Déambuler, découvrir et apprécier. Ce sont les trois mots que nous dit Monique au début de son itinéraire. Férue d’architecture, elle vient souvent dans les rues de Sauveterre déambuler au gré de ses envies. Par exemple, en faisant un petit détour pour admirer le colombage d’une maison qui lui rappelle la Normandie dont elle est originaire.

Elle habite à quelques kilomètres en plein cœur des vignes. Elle vient le mardi pour le marché, au besoin chez le libraire ou le pharmacien, mais aussi pour faire le tour de la Bastide avec ses amis normands. Arrivée au mois de septembre deux ans auparavant, elle fait des découvertes à chaque promenade !

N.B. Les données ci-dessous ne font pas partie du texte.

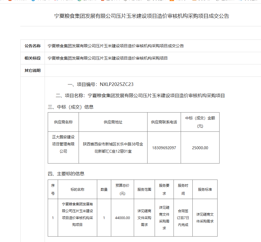 2025年7月18日,經(jīng)評標(biāo)委員會綜合評審,招標(biāo)人確認(rèn),正大鵬安建設(shè)項目管理有限公司中標(biāo)寧夏糧食集團發(fā)展有限公司壓片玉米建設(shè)項目造價審核機構(gòu)采購項目。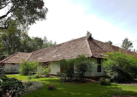 Rajakkad serves up South Indian cuisine with subtle Mediterranean influences, which can be enjoyed in the simple dining room or out in the garden. You can also request a private dinner! Grab a book from the library next door to enjoy in a shady spot (or one of the three courtyards) and head up to the stone platform for a yoga session, encircled by flowering trees, bamboo and palms. Rajakkad's lounge has a traditional feel, decked out in antiques from Pondicherry, mid-century furnishings and eclectic decor.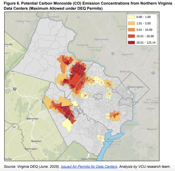 Potential carbon monoxide (CO) emission concentrations from Northern Virginia data centers (Maximum Allowed under DEQ Permits). (Source: “Modeling Localized Air Pollution Impacts from Data Centers in Northern Virginia”/VCU Institute for Sustainable Energy and Environment)

L’itinéraire que je fais très régulièrement, plusieurs fois par semaine, du centre-bourg vers chez moi, Saint-Léger, ma famille.

Beaucoup de souvenirs, mon enfance, ma jeunesse, ma vie et des projets pour le coin, pourquoi pas ?

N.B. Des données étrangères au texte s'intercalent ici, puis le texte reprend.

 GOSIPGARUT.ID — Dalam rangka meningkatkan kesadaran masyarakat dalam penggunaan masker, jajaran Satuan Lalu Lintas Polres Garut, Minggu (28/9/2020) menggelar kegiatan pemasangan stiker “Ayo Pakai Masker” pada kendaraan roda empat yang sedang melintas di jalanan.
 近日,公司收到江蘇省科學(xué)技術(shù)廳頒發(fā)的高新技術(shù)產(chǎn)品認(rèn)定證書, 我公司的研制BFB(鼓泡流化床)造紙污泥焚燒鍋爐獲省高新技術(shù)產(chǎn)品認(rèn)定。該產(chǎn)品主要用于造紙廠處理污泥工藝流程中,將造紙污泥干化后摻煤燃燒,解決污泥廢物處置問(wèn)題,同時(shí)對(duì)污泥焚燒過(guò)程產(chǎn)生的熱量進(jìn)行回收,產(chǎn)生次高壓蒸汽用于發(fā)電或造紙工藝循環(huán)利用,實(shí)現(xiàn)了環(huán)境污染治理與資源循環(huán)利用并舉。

« Au bout du chemin, cette famille est la seule qui soit restée : toutes les autres sont parties. De l’autre côté, ces maisons sont devenues des gîtes. Il manque son âme à Saint-Léger. Nous sommes sur Sauveterre maintenant. Ici, c’est fini... Je ne peux pas ouvrir l’église parce que je n’ai pas réussi à obtenir la clé. Quelqu’un venait l’ouvrir matin et soir, mais des carreaux de Gironde ont été volés. Elle est toute petite, cette église, il n’y a plus que le chœur. À l’époque, il y avait une messe tous les dimanches. Nous, enfants, il y avait une dame qui allait tous les jours sonner midi. On montait et on allait s’amuser en se pendant à la corde. »

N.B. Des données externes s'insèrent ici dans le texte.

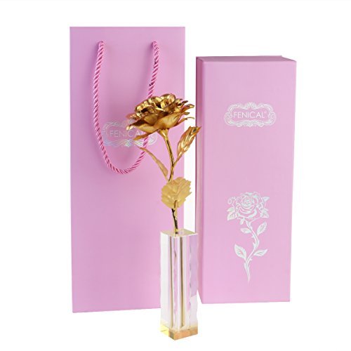 FENICAL 母の日ギフト24Kゴールド箔バラの花と透明花瓶 誕生日 バレンタイン 記念日の装飾に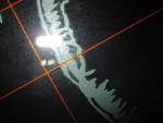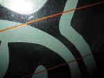 6. und 7. Der Aufkleber in Nahaufnahme, damit man die Ränder erkennen kann, und sieht, daß sie sauber und nicht wackelig oder zittrig sind. Die orangen Linien sind die Heckscheibenheizung...als Größenvergleich gut geeignet.

Annie différencie encore, comme beaucoup, Sauveterre de Saint-Léger, même si les deux communes ont fusionné en 1965. Aujourd’hui, elle s’est installée dans une maison facile à vivre en haut de Sauveterre, à proximité de toutes les commodités, sur le chemin de ronde intramuros. Annie est partie de Saint-Léger, village de ses parents, grands-parents, arrière-grandsparents, s’installer ici pour la retraite. Mais, quand elle dit « chez moi », Annie parle de Saint-Léger : tant de souvenirs y vivent encore. Les fêtes de village, les enfants transportés en brouette pour aller à l’école quand la Vignague débordait... Annie a la mémoire précise et son témoignage est précieux.